Vielen Dank im Voraus und liebe Grüße,
Johannes


----------



## peiner freak (23. April 2013)

*AW: Zwergwelse verwerten*

ich filetier die und hänge sie in die räuchertonne ....


----------



## chester (23. April 2013)

*AW: Zwergwelse verwerten*

Ich kenn die Qualität des Zwergwelsfleisches nicht, aber wie wäre es wenn du dir nen lecker Fischfond ziehst?

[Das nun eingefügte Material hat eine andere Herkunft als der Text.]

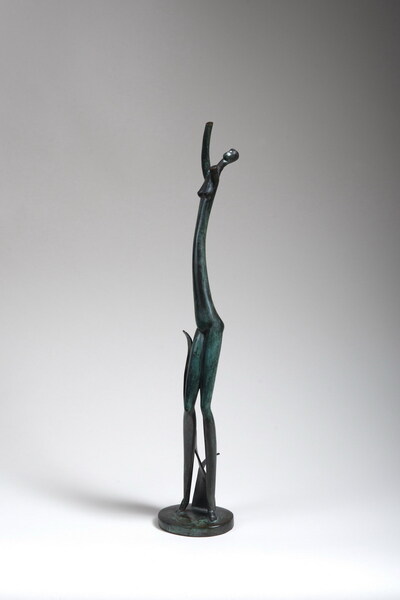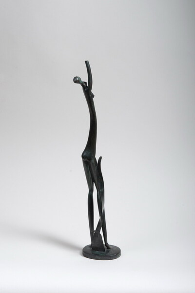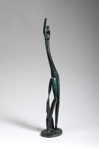 Bela VOROS (1889-1979) - Jeune femme aux bras levés, 1945 - Sculpture hiératique en bronze patiné vert et noire. Monogramée sur la terrasse. Sans cachet de fondeur ni de tirage (probablement tirage unique). 41,5 cm hors socle - 42,5 cm avec socle | |

Den benutzt du dann als Grundlage für lecker Suppen oder Saucen für bekannte Speisefische.


----------



## Schneidi (23. April 2013)

*AW: Zwergwelse verwerten*

ein paar brassen  einen karpfen oder so dazul. und ab durch den wolf zum fischküchle machen


----------



## LdaRookie (23. April 2013)

*AW: Zwergwelse verwerten*

Mit den Muskelgräten wird man auch gut fertig, wenn man den Fisch beizt... Also in Essig einlegen, dann wird den Gräten der Kalk entzogen und sie werden so weich, dass man sie ohne Probleme mitessen kann...

Gibt genügend Rezepte für recht leckere Beizen... und man kann den Fisch so eingelegt ziemlich lange im Kühlschrank aufbewahren...

Kann man dann roh, also nur gebeizt essen oder den gebeizten Fisch braten/grillen, was ich bevorzugen würde, weil mir nur gebeizter Fisch eher zu sauer ist....


----------



## Michael Thinius (23. April 2013)

*AW: Zwergwelse verwerten*

Bratet die Zergwelse und legt sie sauer ein. Schmeckt super!


----------



## Gitarrist (23. April 2013)

*AW: Zwergwelse verwerten*

Ok danke für die Tipps. Beizen und Fischküchle kann ich ja beides mal probieren.



Schneidi schrieb:


> ein paar brassen  einen karpfen oder so dazul. und ab durch den wolf zum fischküchle machen



Und kann man da den kompletten Fisch (bzw. ohne Kopf, der ist ja eh schon ab) nehmen, mitsamt Wirbelsäule und Fleischgräten?

Danke nochmal!
Johannes


----------



## Schneidi (23. April 2013)

*AW: Zwergwelse verwerten*



Gitarrist schrieb:


> Ok danke für die Tipps. Beizen und Fischküchle kann ich ja beides mal probieren.
> 
> 
> 
> ...



Ne lieber filitieren so mach ich das. Mit wirbelsäule und haut hab ich das jetzt noch nie gemacht


----------



## schumi9 (23. April 2013)

*AW: Zwergwelse verwerten*

Hei Johannes,

häng sie doch einfach in den Rauch.

Kannst dann immer noch Klopse draus machen, da sich nach dem Räuchern das Grätengerüst viel leichter löst und man nicht soviel Verschnitt wie beim Filetieren hat.

Gruß vom schumi


----------



## kleinerWelli (7. Oktober 2013)

*AW: Zwergwelse verwerten*

Ich haenge meine in den raeucherschrank.

Ganze familie ist wild drauf.schmeckt aehnlich geraeuchertem schinken


----------